EP by Oh No Oh My
- Released: February 5, 2005
- Recorded: 2004 in Austin, Texas
- Genre: Indie rock
- Length: 15:19
- Producer: Oh No Oh My

Oh No Oh My chronology
|  | Between the Devil and the Sea (2005) | Oh No! Oh My! (2006) |

= Between the Devil and the Sea =

Between the Devil and the Sea is the debut EP by indie rock band Oh No Oh My, released on February 5, 2005.

==Reception==

Margaret Reges of Allmusic described Between the Devil and the Sea as "a group of hook-driven, scribbly, smart, and fun songs.

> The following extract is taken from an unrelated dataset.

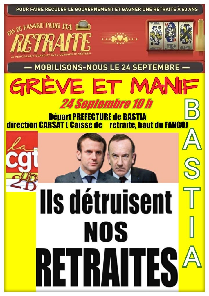 Mardi des manifestations sont prévues à Ajaccio et Bastia. Celle de Bastia partira de la préfecture à 10h pour remonter jusqu’à la direction de la caisse de retraite, tout en haut du boulevard du Fango.

The production is clean, the nasal, somewhat goofy vocals are pleasantly bizarre, and the whole thing feels just about right." Chris Fore of QRO Magazine called it "an instant relaxer" due to the band's "cheerful sense of humor that boils over". Pitchfork Media's Liz Colville wrote a mixed review, criticizing the opening track "Oh Be One" for its lyrics, percussion and predictability, while complimenting the band's few "glimpses of raging passion" elsewhere on the EP.

Professional ratings
Review scores
| Source | Rating |
| AllMusic | Star |
| Pitchfork | 5.1/10 |

== Track listing ==
1. "Oh Be One" - (2:14)
2. "Our Mouths Were Wet" - (4:18)
3. "The Party Punch" - (3:59)
4. "The Bike, Sir" - (1:02)
5. "A Pirate's Anthem" - (3:46)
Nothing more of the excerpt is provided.